# Design Help On Dust Collecting Table



## Pinresto (Aug 1, 2015)

Hello like minded tool people, I need some input. In my new home shop dust is an issue and it has limited counter space. I plan on killing these two birds with a pile of 2x4's. Before doing so I'd like to here some input from others who likely have more experience than me. This is my plan. I have 3 bench grinders all with different wheels, a 12" disk sander, 6" buffer and a powder coating machine that all have two things in common. They make lots of dust and I have no place for them. I'd like to build a table that's 24"×24". Under the table will be a closed off compartment for my shop vac. It will be sound insulated . There's several good YouTube videos about sound proofing the shop vac and it makes a big difference. The table top will have a lid or box on it. Something big enough to house the tools mentioned above one at a time. I need to pipe in the shop vac in an efficient manner to collect the dust made by these machines.
Each tool will be mounted on a piece of plywood with holes in all 4 corners to match the 4 bolt studs sticking up from the table top.
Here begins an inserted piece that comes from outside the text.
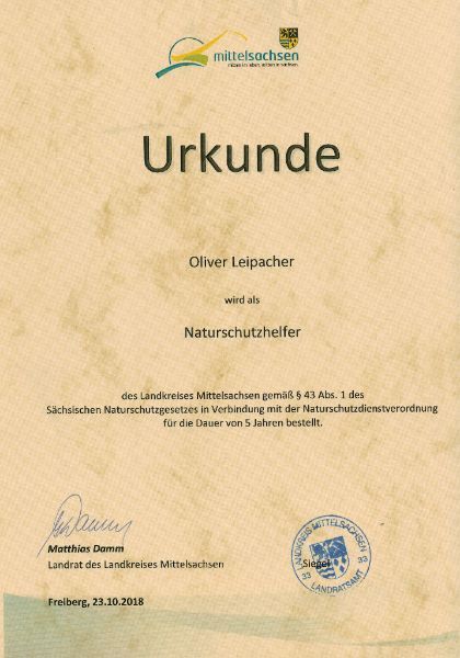Urkunde als Naturschutzhelfer

This way I can quickly change out the tools and secure them with wing nuts.
I'd also like to use this for small powder coating. This shop vac will be to strong though. I'll tackle this part later.
Now to the point of this long post. Will it work to collect dust efficiently? What's the best way to run the vac line? I can make a dust table with lots of holes or just make one port on the back wall. It's a 16 gallon ridgid so it has good power. Any ideas on the best way to implement this plan? Here's a sketch for you to laugh at and ponder


----------



## T Bredehoft (Aug 1, 2015)

If the offending machines are mounted inside a (open one side) cabinet, (as  your art work seems to indicate)  I would route the dust to a 1/4" (6.2mm) wide slot at the  back/bottom of the compartment. Without the enclosure you will loose control of the dust, rotating/revolving wheels, etc will cause nasty air currents.


----------



## Pinresto (Aug 1, 2015)

T Bredehoft said:


> If the offending machines are mounted inside a (open one side) cabinet, (as  your art work seems to indicate)  I would route the dust to a 1/4" (6.2mm) wide slot at the  back/bottom of the compartment. Without the enclosure you will loose control of the dust, rotating/revolving wheels, etc will cause nasty air currents.



That's a good idea. I had not thought of that. I have a similar vacuum head for the shop vac I never use. It's looks like traditional vacuum cleaner, 16" wide with a 1/4" opening.  Something to vacuum floors with. Maybe I could adapt it.


----------